Морские байки

22
18
20
22
24
26
28
30

Беломраморная статуя Мамбо недвижна. Но приходит срок, и все остальные тоже замирают в этой дьявольской комнате. Застывают танцующие девушки, остаётся сидеть с поднятыми руками барабанщик-мулат. Я не исключение, моё тело, словно облитое жидким азотом, превращается в ледяную фигуру.

Гаитянка пошевелилась. Резкий поворот белого лица. Вправо, влево. Пугающий щелчок. Туловище остаётся неподвижным, но голова на длинной шее уже смотрит назад, в направлении одинокого креста. Ко мне ведьма обращена затылком. Обесцвеченная толстая коса извивается и подрагивает, словно змеиное жало дёргаются её раздвоенные концы.

Новый щелчок.

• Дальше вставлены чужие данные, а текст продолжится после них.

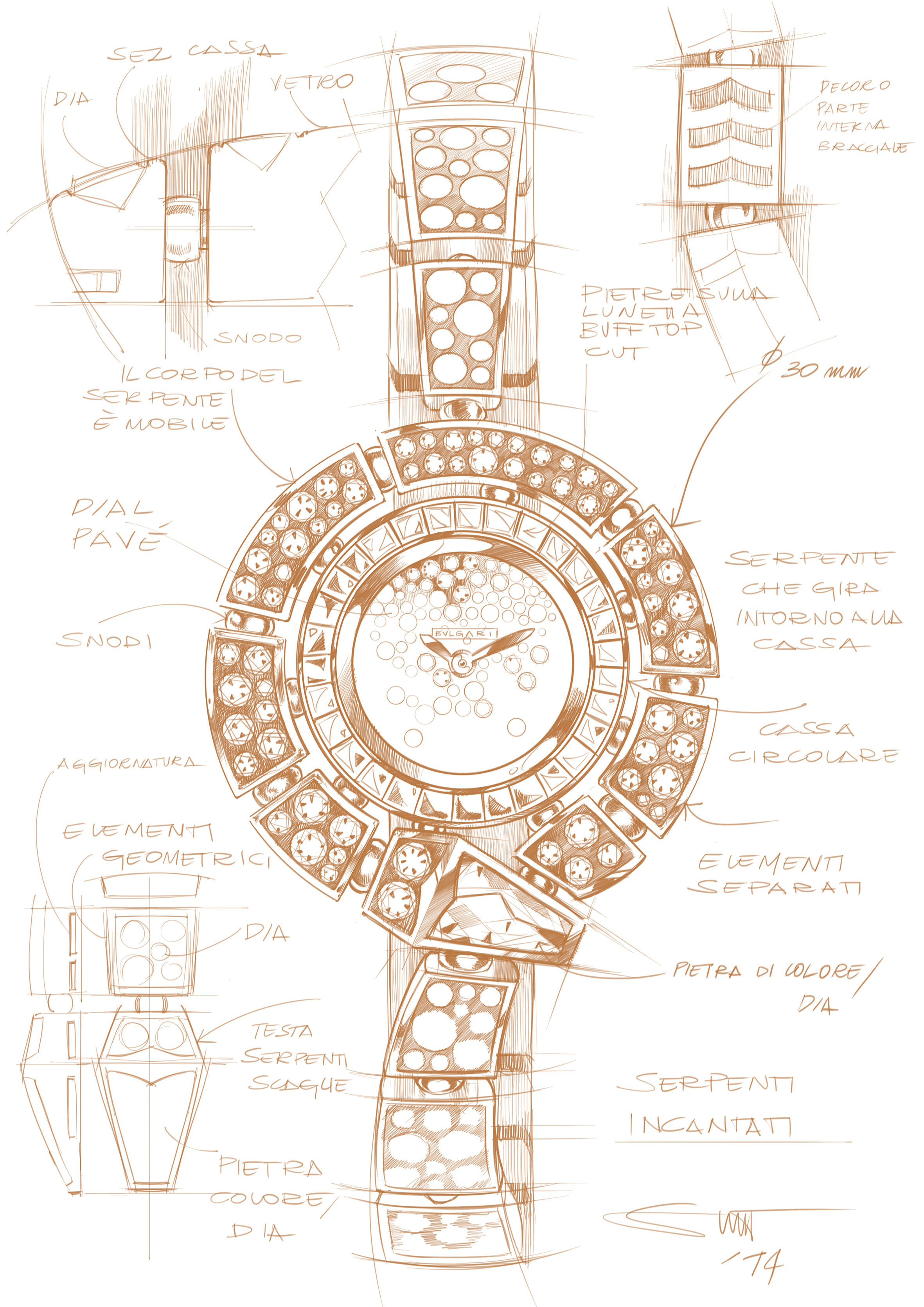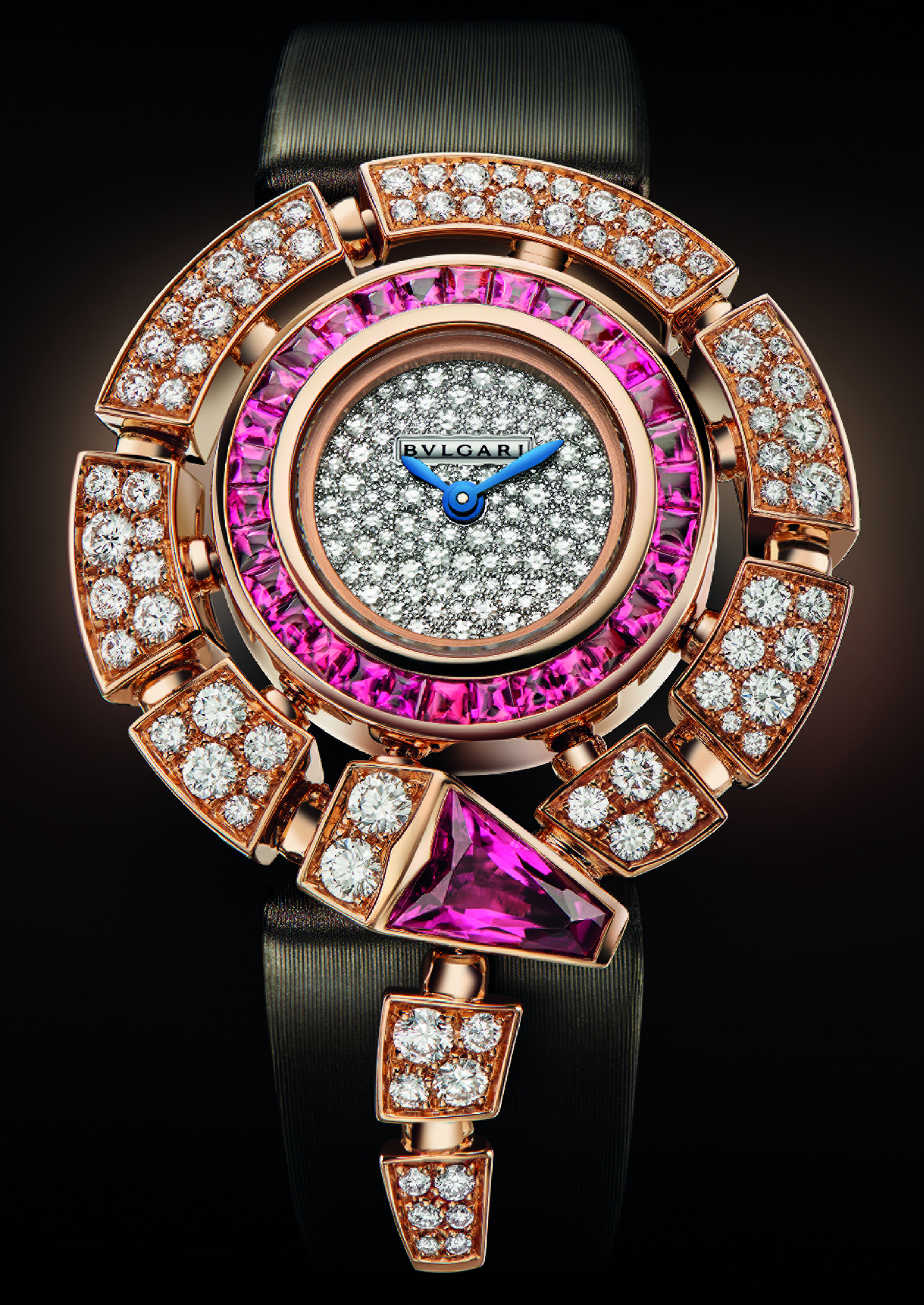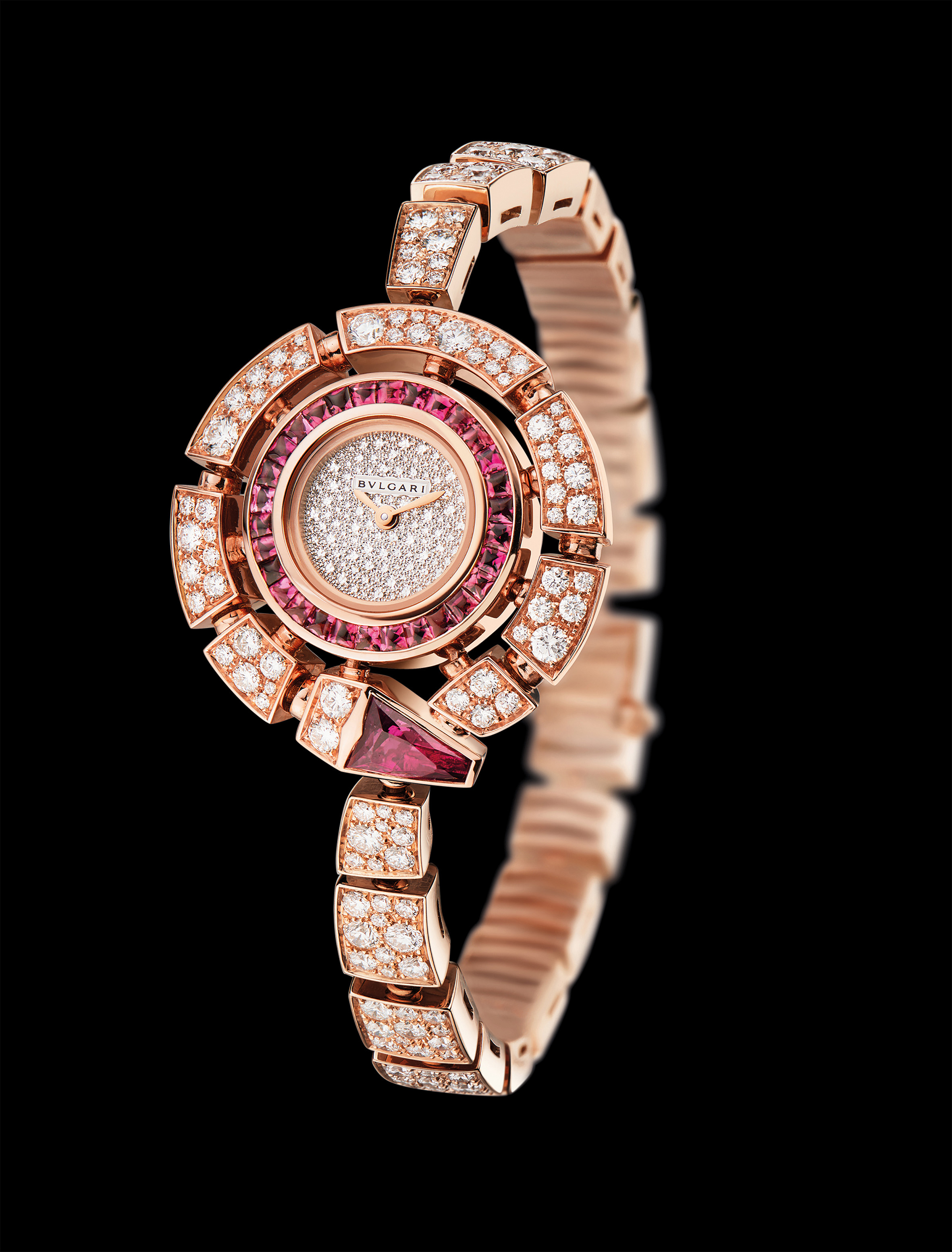 Cette montre précieuse et raffinée est aussi le témoignage du très haut degré de maîtrise technique des maîtres artisans des ateliers de Haute Joaillerie de Bulgari. La finesse et la qualité des sertissages et des assemblages des pierres, des ajustages, est particulièrement remarquable. Il faut aussi noter la souplesse des bracelets sertis. Ils sont très agréables à porter, Bulgari privilégiant toujours pour ses bijoux cette forme de sensualité qui rend chaque pièce très confortable en plus d’être brillante. La queue du serpent coule sur le poignet et s’y enroule en souplesse, témoignage de la flexibilité et du mouvement qui caractérisent les créations joaillières signées Bulgari.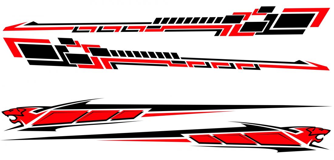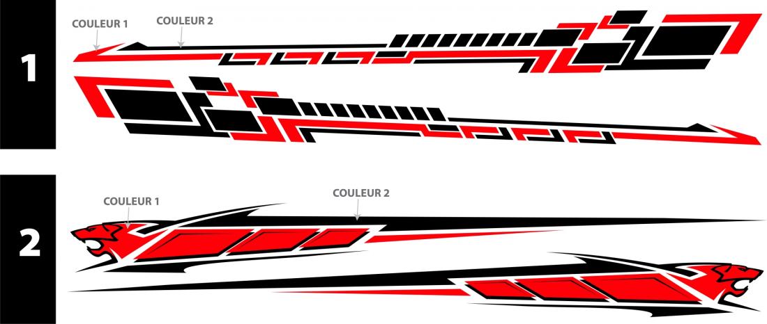 Adhésifs racing voiture 120x11cm (1 motif), 2 motifs inversés. Pour toutes surfaces lisse, mur, vitre, voiture. Visuel sur 1 seule face, souple et opaque. 2 couleurs au choix

Мраморное лицо на положенном месте. На меня, неподвижного, в упор таращатся огромные, наполненные чёрной кровью глаза.

"Да, уж! С позвоночником шутки плохи!"

Белая Мамбо резко приседает и, выставив пред собой руки, падает на пол. Мгновение и она распласталась на животе, сладострастно извивается на толстом слое, усыпающей пол горькой травы. Гаитянка сбрасывает кожу, она лихорадочно трётся, прижимается к обнажившимся доскам. На выскобленной до желтизны, занозистой древесине остаются окровавленные лохмотья.

"Чудесно! Как же хороша новорождённая, отливающая белым перламутром, чешуя!"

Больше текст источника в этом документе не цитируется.